Based on the above situation, if you want to effectively prevent forgetting to stop, we think that it is necessary to develop an integrated mechanism that can automatically stop resources other than GCE (GKE, Cloud SQL, Memory Store), and the script introduced this time Was implemented.

GCP service used

Cloud Scheduler
Cloud Pub/Sub
Cloud Functions

Roughly designed

When implementing it, I considered the following as a design policy.

--Reduce the amount of code to be implemented for each resource type --Slack notification of actually stopped instance --Hardcode the environment name so that it only works in the verification environment --Adopt structured logging

The log output by Cloud Functions can be confirmed on Cloud Logging, but at this time, if the log is structured according to the Cloud Logging format, severity can be identified by color, or with a specific value. I decided to use structured logging because it would be possible to filter.

Implementation details

From here, I will explain using the actual code as an example. I'm sorry I couldn't expose all the code because it's managed in the company's private repository, but I picked up only the important parts. Rather than reading the code carefully, I think it will be more like having you look at it with an image that gives you a rough idea of the whole thing. By the way, I am writing in Go.
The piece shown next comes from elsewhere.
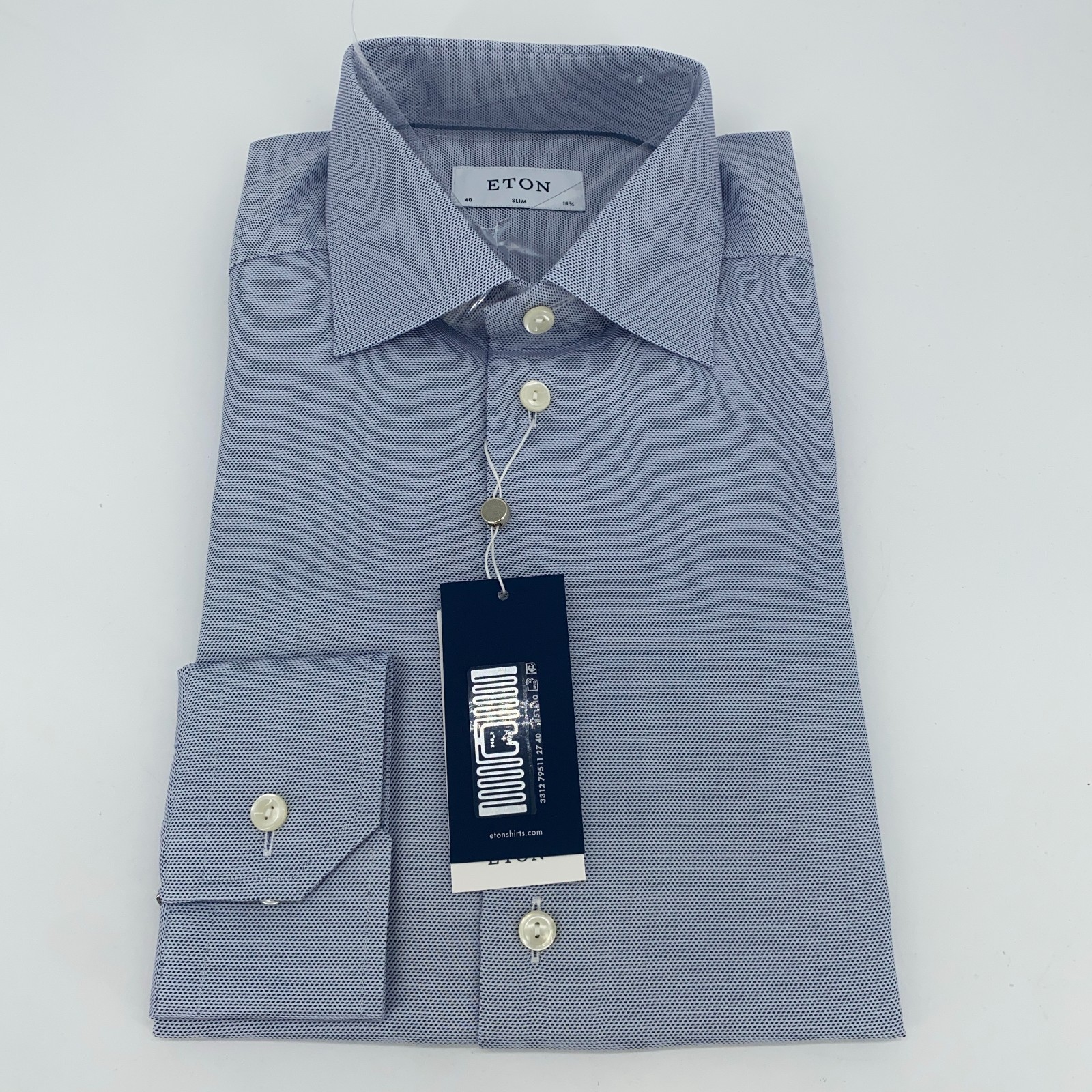 Eton Dress Shirt Men M 15 3/4 - 40 Blue Textured Twill Slim Fit Collar Button Up

The following is an abstraction of the implementation of operations on various resources. The file for stopping various resources is created with the name * _patroller.go, but the method to be defined for each is declared in interface, and all instances are generated when NewGCPResourcePatroller () is called from the client code. To do.
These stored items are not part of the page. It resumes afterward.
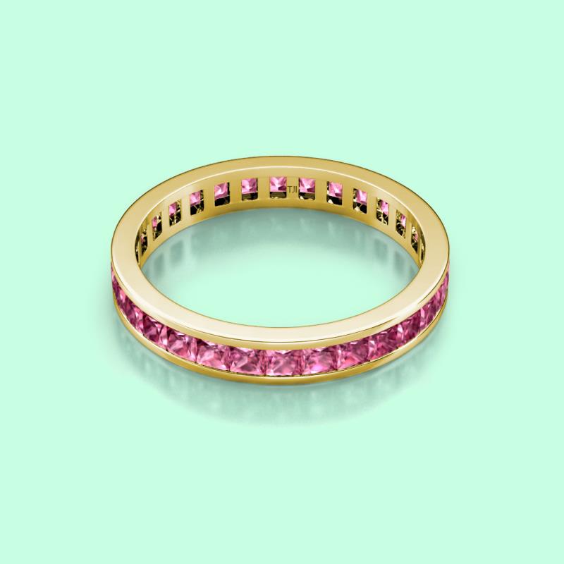 Princess Cut Pink Tourmaline 2.86 ctw* Channel Set Womens Eternity Ring Stackable 18K Yellow Gold More Details ...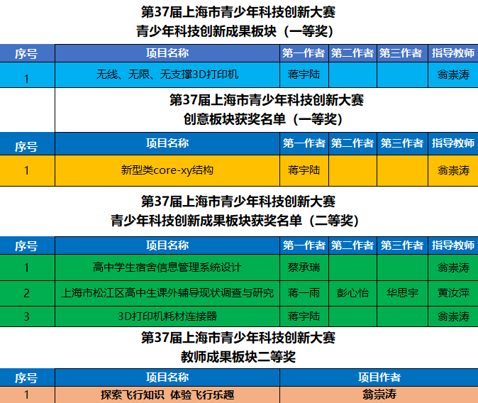在第十七届宋庆龄少年儿童发明奖,学校蒋宇陆同学的作品“无线、无限、无支撑3D打印机发明”喜获市一等奖,入围国赛。学校的学生在老师指导下还获得了两项国家级实用新型专利证书。此外在松江区第十届学生研究性学习成果评比活动,学校师生取得了一等奖1项、二等奖4项、三等奖6项。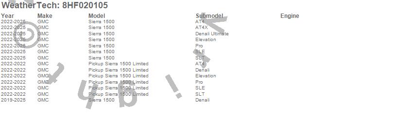 Brand: WeatherTechPart Number: 8HF020105Tonneau Cover Type: UPC: 787765175708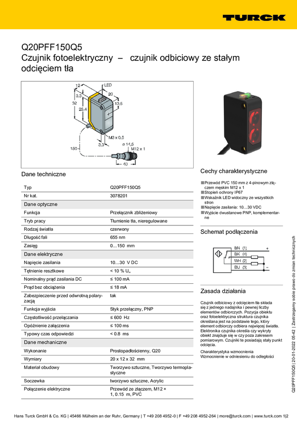 3078201 Czujnik dyfuzyjny Turck Q20PFF150Q5 3078201 1 szt.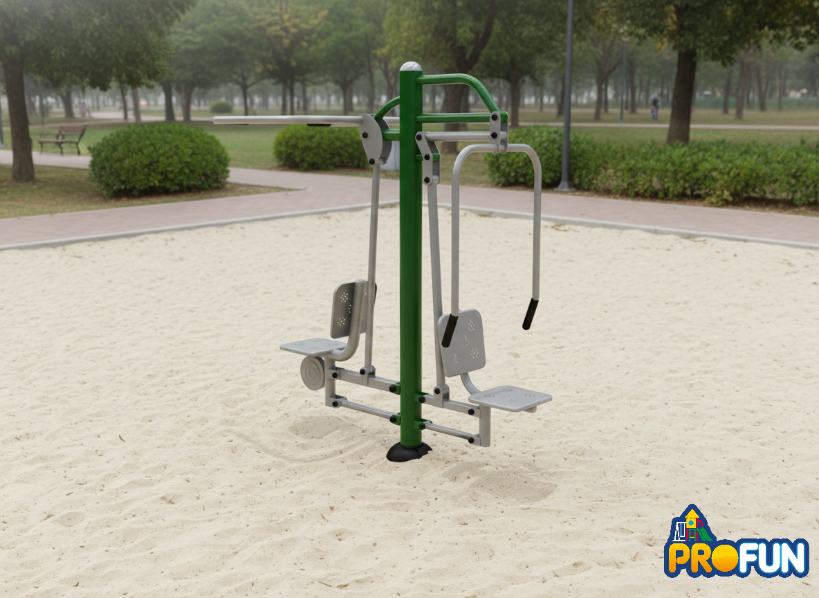 Cet appareil est un poste de musculation extérieur à deux stations distinctes pour le haut du corps, une station dédiée au renforcement des muscles du dos, des épaules et des bras. Conçu pour être utilisé par deux et l’autre cible la poitrine et les épaules, il est conçu pour êre utilisé par deux personnes simultanément, il utilise le poids du corps comme résistance pour un entraînement fluide et accessible à tous les niveaux de condition physique.
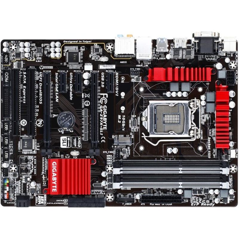 Placa mãe para um processador Intel Celeron, Pentium, Core i3 / i5 / i7 e Xeon (LGA1150), chipset Intel Z97, conexões VGA + DVI-D + HDMI, Dual Channel DDR3 3.000MHz (até 32GB), dois slots PCI Express 16x (v3.0) (AMD CrossFireX 2-way / NVIDIA SLI 2-way), SATA 6Gb/s / SATA Express / M.2 / RAID, áudio de 8 canais (Realtek), rede Gigabit (Intel), modelo ATX.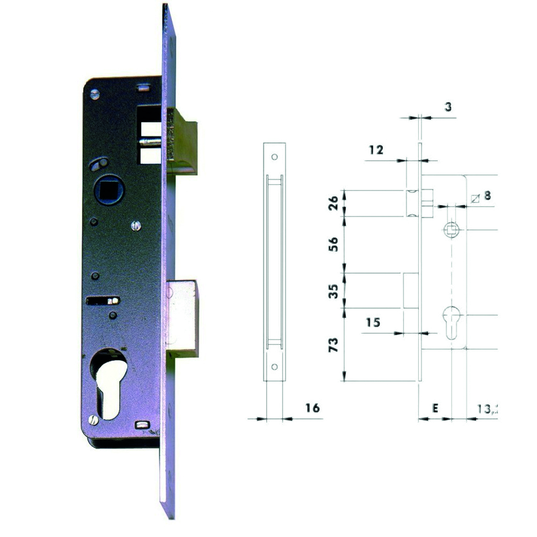 Cerradura de embutir con frente en acero cromado leva corta (13,2mm). Frente 22x3mm.Resbalón reversible y palanca. Entradas de 23, 28, 33 o 38mm. Se suministra con cilindro F5 3030 Niquel y cerradero. Dos escudos de nylon para cilindro. Tornillo fijación cilindro.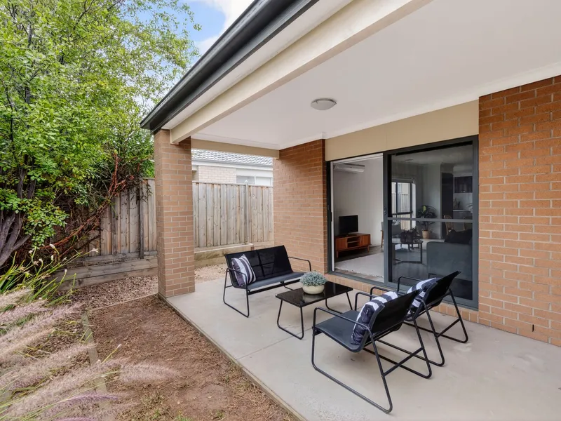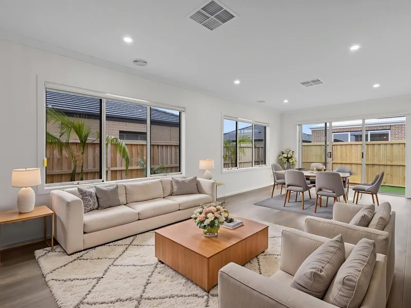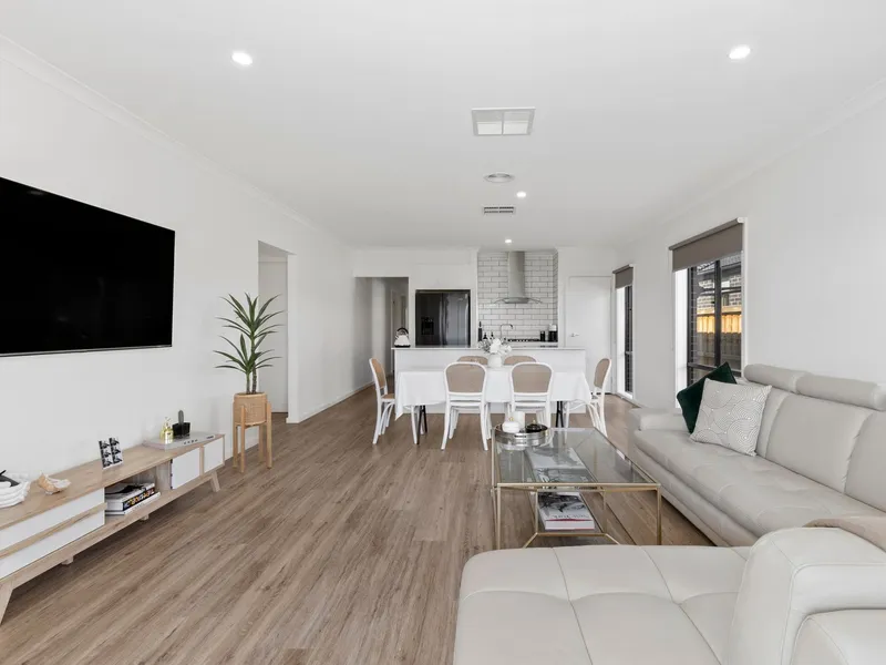 The living and dining zones flow effortlessly to the undercover alfresco area, creating a seamless connection between indoor and outdoor living. The spacious backyard is fully fenced, providing plenty of room for children or pets to play safely, while the surrounding concrete paths ensure easy access around the property.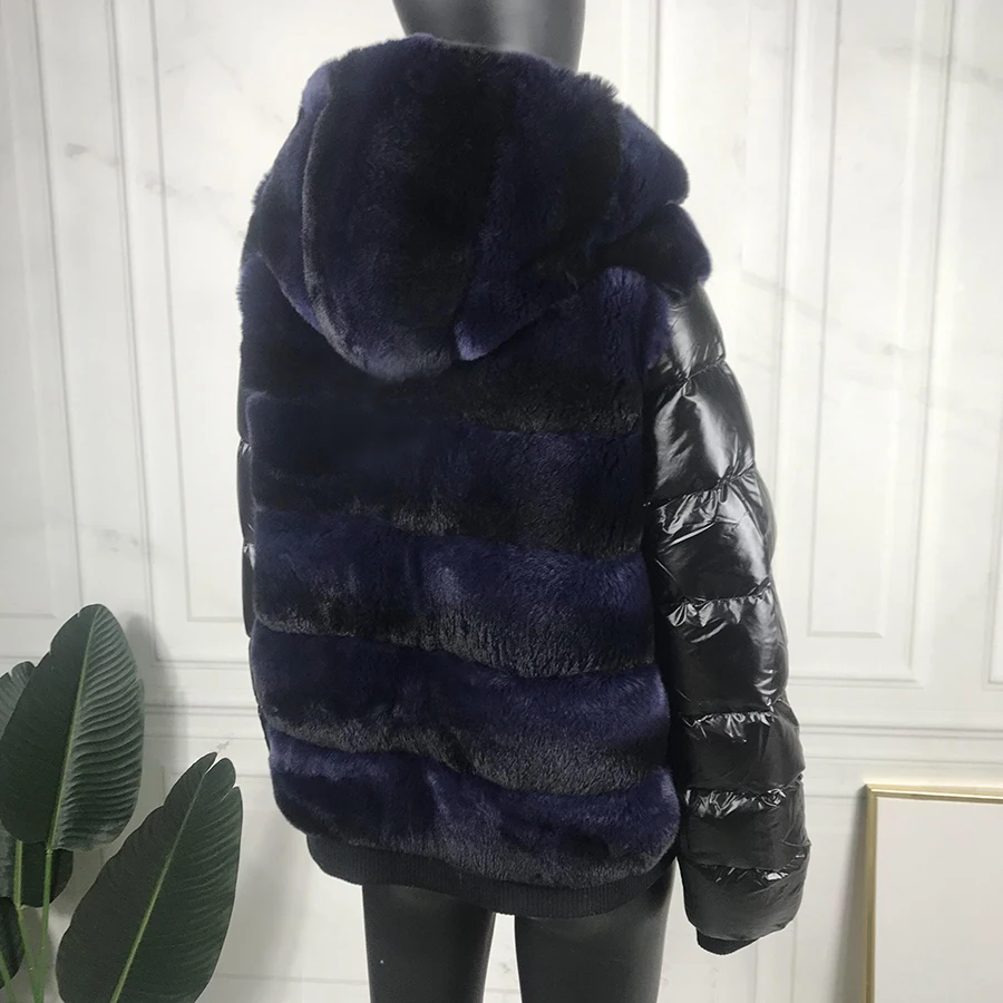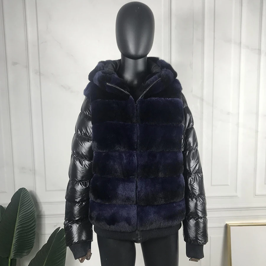 Натуральный короткая кролика рекс пальто с мехом женские зимние натуральный Меховая куртка с меховым капюшоном fanshion Новый пиджаки вниз рукава пальто спортивная

var factories = make(map[string]func(ctx context.Context, projectID string) (Patroller, error))

// API call interval
const CallInterval = 50 * time.Millisecond

type Patroller interface {
	Scan() error
	TerminateOrDestroy(*sync.WaitGroup, interface{})
	PrintReport() (slack.WebhookMessage, error)
	GetScanedResults() []interface{}
	GetTerminatedResults() []interface{}
	GetResourceType() string
}

type patroller struct {
	resourceType string
	results      map[stateType][]interface{}
	projectID    string
	ctx          context.Context
}

type GCPResourcePatroller struct {
	Patrollers map[string]Patroller
}

func registerPatroller(patroller string, factory func(ctx context.Context, projectID string) (Patroller, error)) {
	factories[patroller] = factory
}

func NewGCPResourcePatroller(ctx context.Context, projectID string) (*GCPResourcePatroller, error) {
	patrollers := make(map[string]Patroller)
	for key, factory := range factories {
		patroller, err := factory(ctx, projectID)
		if err != nil {
			return nil, err
		}
		patrollers[key] = patroller
	}
	return &GCPResourcePatroller{Patrollers: patrollers}, nil
}

The following is the client code part. When you call NewGCPResourcePatroller (), the instances of all resources are returned as an array, so each instance is fetched in a loop and the operation is executed.

Since the method is defined by interface, it is a polymorphic implementation that does not notice the difference in resources.

In addition, as the operation flow, [1] the list of resources to be stopped is identified, [2] the stop API is called, [3] Slack creates a message to be notified, and then [4] the notification is made.

patroller.Scan()
o.terminateOrDestroyWithDryrun(patroller)
patroller.PrintReport()
slack.PostWebhook(o.SlackWebhook, &report)

func NewOperator(ctx context.Context, projectID string, webhook string, dryrun bool, debug bool) *Operator {
	log.SetLogger(debug)

	c, err := patroller.NewGCPResourcePatroller(ctx, projectID)
	if err != nil {
		log.Error("", err)
		os.Exit(1)
	}

	return &Operator{
		Patrollers:   c.Patrollers,
		SlackWebhook: webhook,
		DryRun:       dryrun,
	}
}

func (o *Operator) Run() {
	for _, patroller := range o.Patrollers {
		patroller.Scan()

		o.terminateOrDestroyWithDryrun(patroller)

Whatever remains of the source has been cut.